Nothing but the lines from the one with "Frittstående modul kjøleskap" down to the one with "- The superior" should be returned, exactly and with both ends included, from the material below.

### [DATASET ENTRIES]
· · · ·
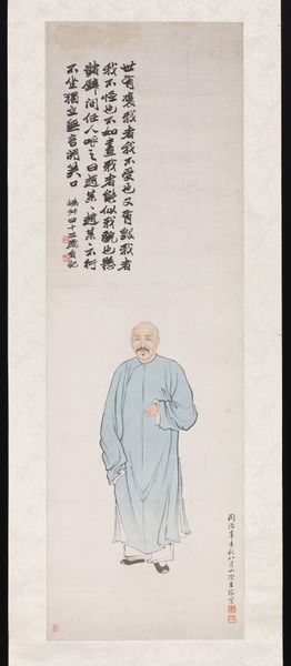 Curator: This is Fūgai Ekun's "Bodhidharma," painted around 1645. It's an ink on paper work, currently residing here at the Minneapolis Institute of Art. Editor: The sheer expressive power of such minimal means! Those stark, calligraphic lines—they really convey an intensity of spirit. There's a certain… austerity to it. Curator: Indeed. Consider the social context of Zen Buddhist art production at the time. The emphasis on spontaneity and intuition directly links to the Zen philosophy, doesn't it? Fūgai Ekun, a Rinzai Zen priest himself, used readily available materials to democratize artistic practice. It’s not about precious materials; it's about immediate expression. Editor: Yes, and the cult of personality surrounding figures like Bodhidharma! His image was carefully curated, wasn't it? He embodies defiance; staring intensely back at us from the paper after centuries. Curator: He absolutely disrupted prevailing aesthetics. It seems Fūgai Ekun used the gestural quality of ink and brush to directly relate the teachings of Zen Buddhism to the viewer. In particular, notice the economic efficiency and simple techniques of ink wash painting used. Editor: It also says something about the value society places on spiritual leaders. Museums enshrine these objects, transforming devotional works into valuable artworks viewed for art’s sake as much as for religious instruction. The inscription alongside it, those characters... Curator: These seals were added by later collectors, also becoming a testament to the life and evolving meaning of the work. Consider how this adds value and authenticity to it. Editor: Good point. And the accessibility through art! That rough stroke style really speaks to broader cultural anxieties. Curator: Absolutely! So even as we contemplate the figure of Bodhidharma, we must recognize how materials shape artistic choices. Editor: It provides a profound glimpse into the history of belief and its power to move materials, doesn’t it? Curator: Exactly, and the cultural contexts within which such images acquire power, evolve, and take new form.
· · · ·
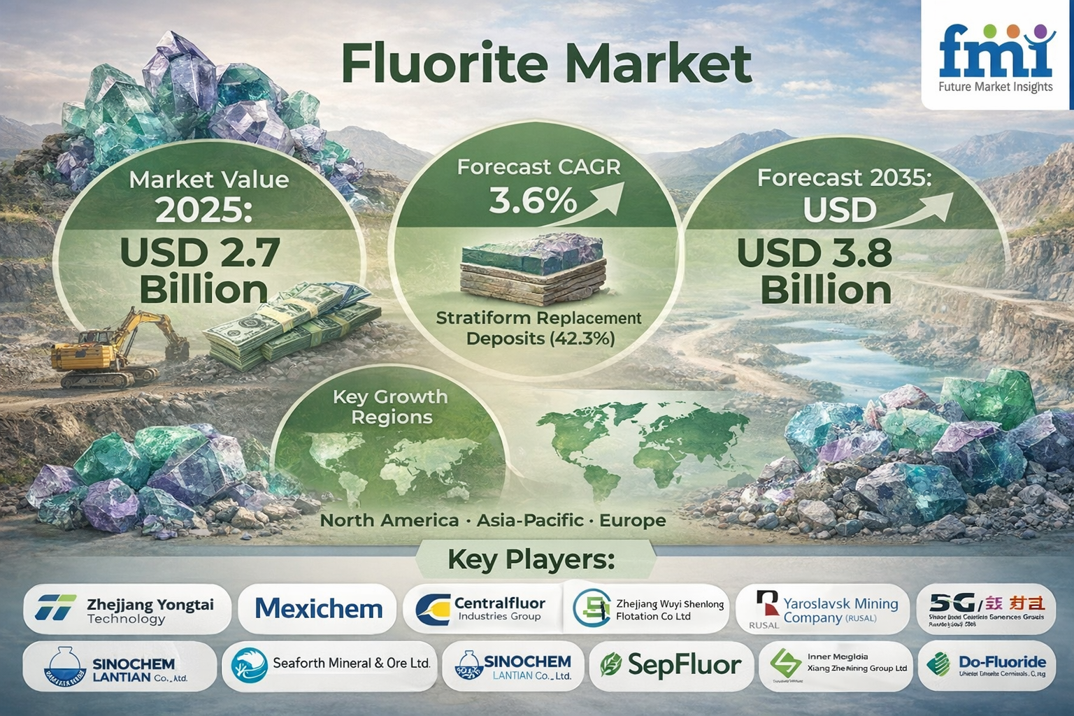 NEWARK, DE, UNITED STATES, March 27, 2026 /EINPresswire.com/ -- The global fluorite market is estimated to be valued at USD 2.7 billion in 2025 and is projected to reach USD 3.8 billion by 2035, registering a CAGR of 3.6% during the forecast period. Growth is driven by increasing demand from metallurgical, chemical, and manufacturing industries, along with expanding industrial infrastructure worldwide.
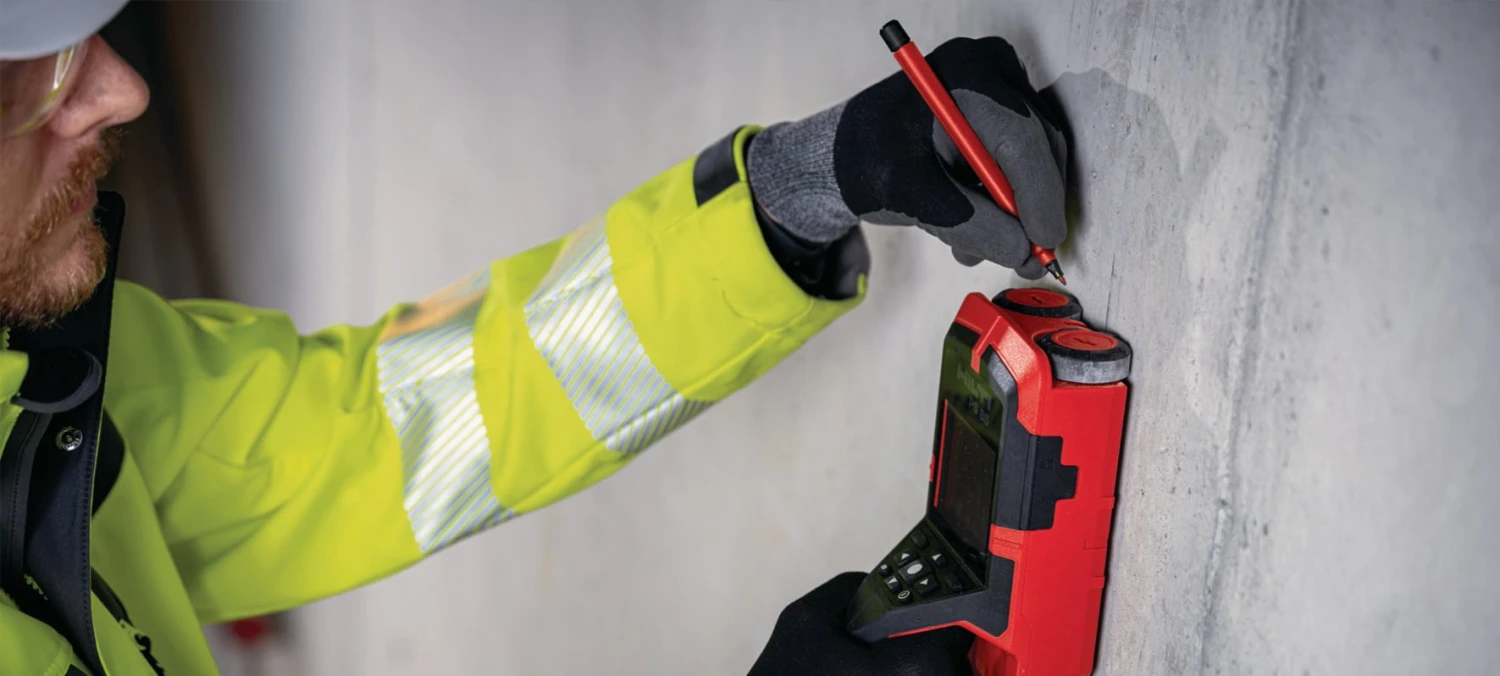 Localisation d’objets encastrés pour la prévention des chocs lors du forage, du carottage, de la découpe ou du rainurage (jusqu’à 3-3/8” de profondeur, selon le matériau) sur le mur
· · · ·
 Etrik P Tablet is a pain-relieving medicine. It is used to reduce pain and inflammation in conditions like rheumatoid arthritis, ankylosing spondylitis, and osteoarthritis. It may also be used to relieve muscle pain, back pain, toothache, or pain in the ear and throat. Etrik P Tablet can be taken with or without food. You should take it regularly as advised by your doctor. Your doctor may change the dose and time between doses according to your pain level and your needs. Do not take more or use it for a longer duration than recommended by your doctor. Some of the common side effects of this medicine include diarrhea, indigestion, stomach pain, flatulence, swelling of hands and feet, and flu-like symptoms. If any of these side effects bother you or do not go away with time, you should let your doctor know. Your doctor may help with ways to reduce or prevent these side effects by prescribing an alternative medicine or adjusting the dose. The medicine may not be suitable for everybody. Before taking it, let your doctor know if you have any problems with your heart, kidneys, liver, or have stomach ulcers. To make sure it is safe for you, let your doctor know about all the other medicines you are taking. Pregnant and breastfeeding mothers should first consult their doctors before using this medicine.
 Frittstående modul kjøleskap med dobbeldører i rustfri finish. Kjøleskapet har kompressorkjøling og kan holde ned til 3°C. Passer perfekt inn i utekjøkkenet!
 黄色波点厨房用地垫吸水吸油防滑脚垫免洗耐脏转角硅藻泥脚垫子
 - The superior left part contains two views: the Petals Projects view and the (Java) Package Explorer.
· · · ·
### [TASK ANSWER]
 Frittstående modul kjøleskap med dobbeldører i rustfri finish. Kjøleskapet har kompressorkjøling og kan holde ned til 3°C. Passer perfekt inn i utekjøkkenet!
 黄色波点厨房用地垫吸水吸油防滑脚垫免洗耐脏转角硅藻泥脚垫子
 - The superior left part contains two views: the Petals Projects view and the (Java) Package Explorer.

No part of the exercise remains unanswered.